Problem: Write the lines below out exactly, dropping each picture.

Source data:

☆ ☆ ☆ ☆ ☆ ☆ ☆

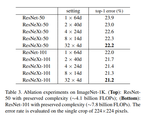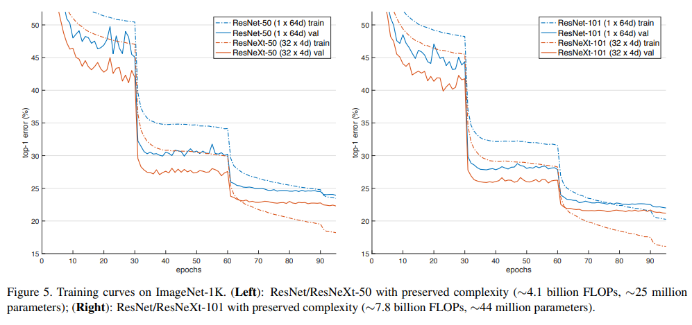위의 그래프는 ResNet과 ResNext의 동일한 깊이별성능 비교이며 ResNext가 성능이 더 좋은 것을 알 수 있다.
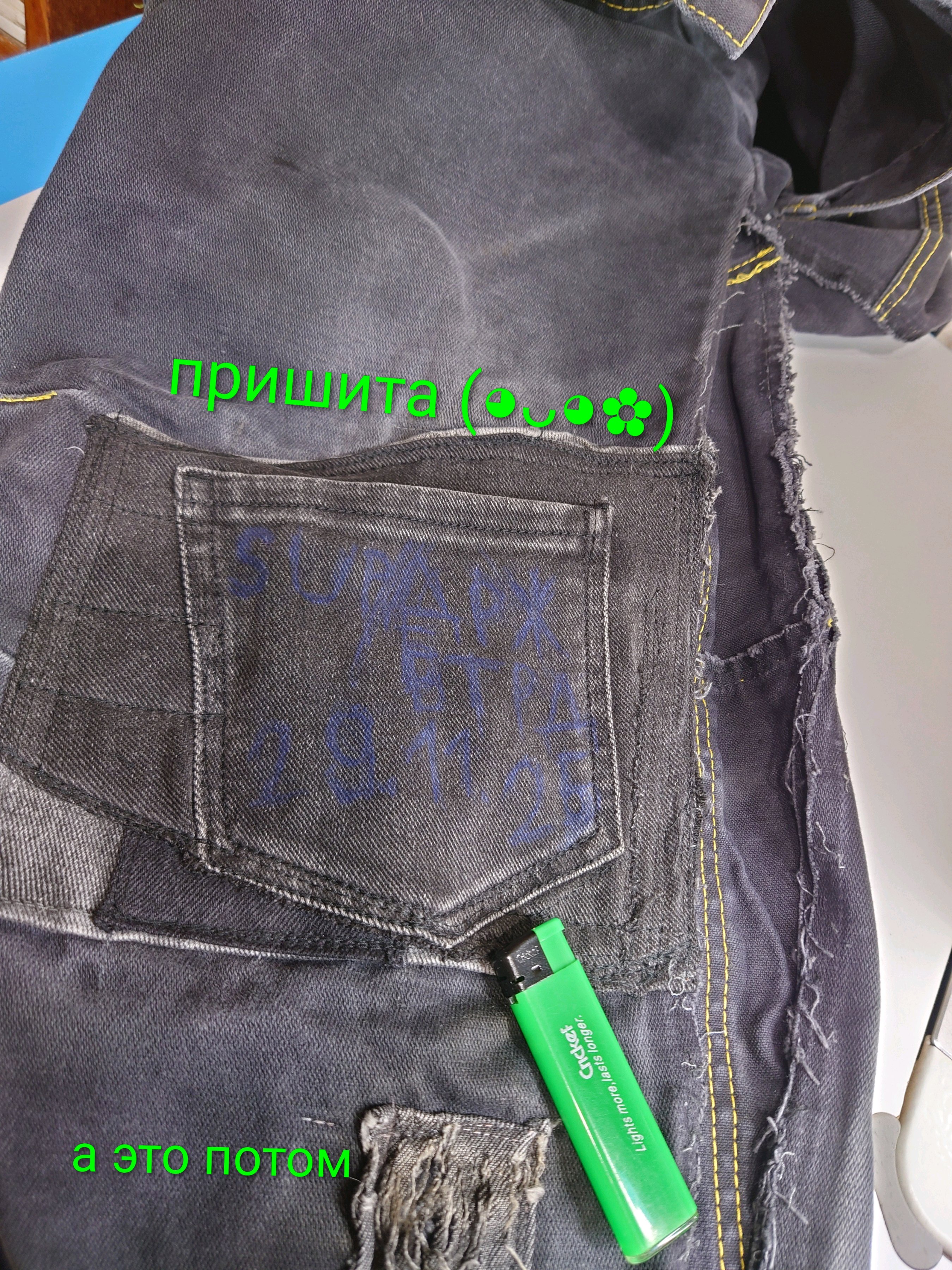 Привет дружботред! Сегодня весь вечер чинил работягам робы. Последнюю на сегодня (вчера(.❛ᴗ❛.) не закончил, поздно уже, спать пора. У работяги видно тяжёлая работа и его старве заплатки протёрлись и прожглись насквозь до ткани самой брючины, мне пришлось распарывать кем-то зашитые после прошлого ремонта швы. Из коробки с тканями для заплаток мне попались задние карманы джинс и я решил пришиь эти карманы на место заплаток. Пространство снизу зашил обычными заплатками, естественно с подшитыми углами, чтобы было красиво. Этот мучжчина явно мнго и изматывающе работает стоя на коленях, сдирая их до дыр и чем-то прожигая, поэтому было решено сделать ему дополнительные карманы для всчких мелочей + карман - это 2 слоя ткани, и так ткань на коленях дольше ему прослужит. Такой вот подарок и может быть забота из уважения за труд от меня ему, хоть я его и не знаю и никогда не видел 。◕‿◕。 Разметка на кармане специальная и легко стирается утюгом. Завтра я доделаю эти штаны. Как-то вот так :)
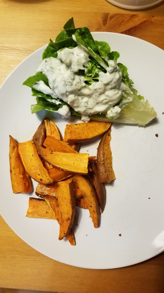 The sides! Oven fries and a wedge salad

☆ ☆ ☆ ☆ ☆ ☆ ☆

Problem solution:
위의 그래프는 ResNet과 ResNext의 동일한 깊이별성능 비교이며 ResNext가 성능이 더 좋은 것을 알 수 있다.
 Привет дружботред! Сегодня весь вечер чинил работягам робы. Последнюю на сегодня (вчера(.❛ᴗ❛.) не закончил, поздно уже, спать пора. У работяги видно тяжёлая работа и его старве заплатки протёрлись и прожглись насквозь до ткани самой брючины, мне пришлось распарывать кем-то зашитые после прошлого ремонта швы. Из коробки с тканями для заплаток мне попались задние карманы джинс и я решил пришиь эти карманы на место заплаток. Пространство снизу зашил обычными заплатками, естественно с подшитыми углами, чтобы было красиво. Этот мучжчина явно мнго и изматывающе работает стоя на коленях, сдирая их до дыр и чем-то прожигая, поэтому было решено сделать ему дополнительные карманы для всчких мелочей + карман - это 2 слоя ткани, и так ткань на коленях дольше ему прослужит. Такой вот подарок и может быть забота из уважения за труд от меня ему, хоть я его и не знаю и никогда не видел 。◕‿◕。 Разметка на кармане специальная и легко стирается утюгом. Завтра я доделаю эти штаны. Как-то вот так :)
 The sides! Oven fries and a wedge salad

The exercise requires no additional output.